Lets do a small experiment, should these two paragraphs render the same?
hello
friends

hello  
friends
They don't:
<p>hello
friends</p>

<p>hello<br>
friends</p>
The second paragraph actually had two space characters after the work "hello" this made it a hard line break. The first is a 'soft' line break (it basically renders in HTML as if there is no line break), the second is a 'hard' line break and will render a br for times when line breaks add semantic meaning (poems, addresses).
I personally find invisible syntax quite hard to see. Markdown has an explicit version too:
hello
friends

hello\
friends
PFM will support both hard and soft breaks, hard breaks will only be supported via the explicit backslash syntax.
Superscript

Superscript is not part of the markdown spec, PFM will support it via a pair of ^ characters (rules TBD):
Coming Soon ^TM^
Will render:
<p>Coming Soon <sup>TM</sup></p>

Coming Soon ^TM

Subscript

Subscript is not part of the markdown spec, PFM will support it but I'm not sure what the syntax will be:
To be changed:
x~1~ ... x~n~
Will render:
<p>x <sub>1</sub> ... z<sub>n</sub></p>

x ₁ ... z_n

Strikethrough

Strikethrough is not supported by markdown but I'd like to support them in PFM. They will match common syntax for strikethrough ~~word~~. Undecided on intraword strikethrough but it is simpler than emphasis.
Some options:
~~strikethrough~~

This is very much TBD, would be nice but very much a nice to have.

Tables

Here we go. I think tables are a critical feature and i haven't really worked this one out yet. It is very complex and there are a million edge cases. The basis should be GFM pipe tables but I'd like the ability to have headings on left, in addition to or instead of across the top, as well as the ability to merge cells (at least horizontally but probably both). I was thinking something like this:
| Header  | Header | Header           |
| --------|--------|------------------|
| Header || Cell   | Cell             |       
| Header || Cell spanning two columns |
This looks weird and will almost definitely not work but it is a start.

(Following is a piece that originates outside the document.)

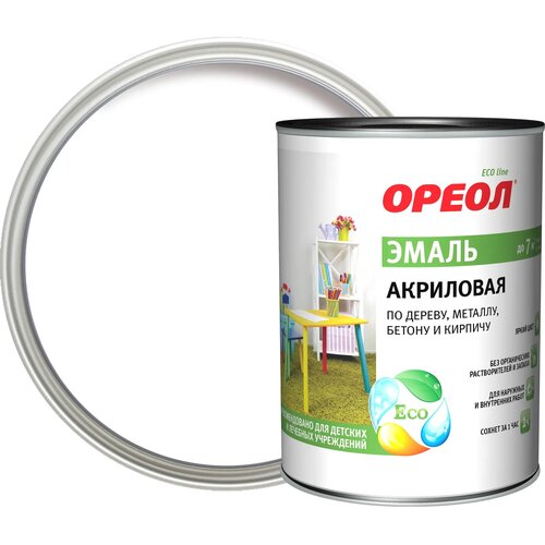 Эмаль акриловая Ореол глянцевая цвет белый 0.9 кг

It may be better to have distinct syntax for simple pip tables (GFM style) and more complex tables with more explicit syntax, this does violate a principle though. Needs more thought.
Generic directives

This one is a bit left of field, but I think it is very important. Markdown needs a way for users to 'plugin' with a generic syntax that covers most usecases. This essentially brings wordpress/ hugo style 'shortcodes' into the spec, except it is more flexible and more powerful. This feature has been co-opted from here.
It is powerful and flexible due the different forms.
Inline:
:name[content]

This is a very great article on :wikipedia[penguins]
Would be accompanied by a function. API TBD, realistically this would be a custom AST compile handler (becaue this would have its own AST node type with the necessary info in it) rather than the below but this is illustrative:
const config = {
  directives: {
    inline: {
      penguin(content){
        const { url, title } = look_up_wikipedia(content);
        return `<a href="${url}">${title}</a>`;
      }
    }
  }
}
Leaf block (block, cannot be inside inline content; leaf, cannot have children):
::name[content]

::youtube[cool video]
Similar function as above to render a youtube video.
Container block (block, cannot be inside inline content content; container, can have children):
:::name[content]
<!-- childf content -->
:::


:::warning[bad shit be happening]
here is some text that will go inside this block
:::
The linked proposal also suggest {key=val} for 'attributes' but { and } are sacred in mdsvex and not viable for markdown syntax. I think the capability to pass props would be nice (::youtube[title]{start=180} for example) but I'm not sure what that syntax should look like.
What is really great about the generic directive proposal is that it can actually replace a lot of other github extensions (it could actually be used for addition, delete, etc. from above), as well as allowing easy customisation. It is very, very powerful, in my opinion. PFM will support it by default.

This is where i am up to. Please feed me back!

Edit: Replaced 'Additions and deletions' with 'Strikethrough'. Update syntax to use ~~word~~.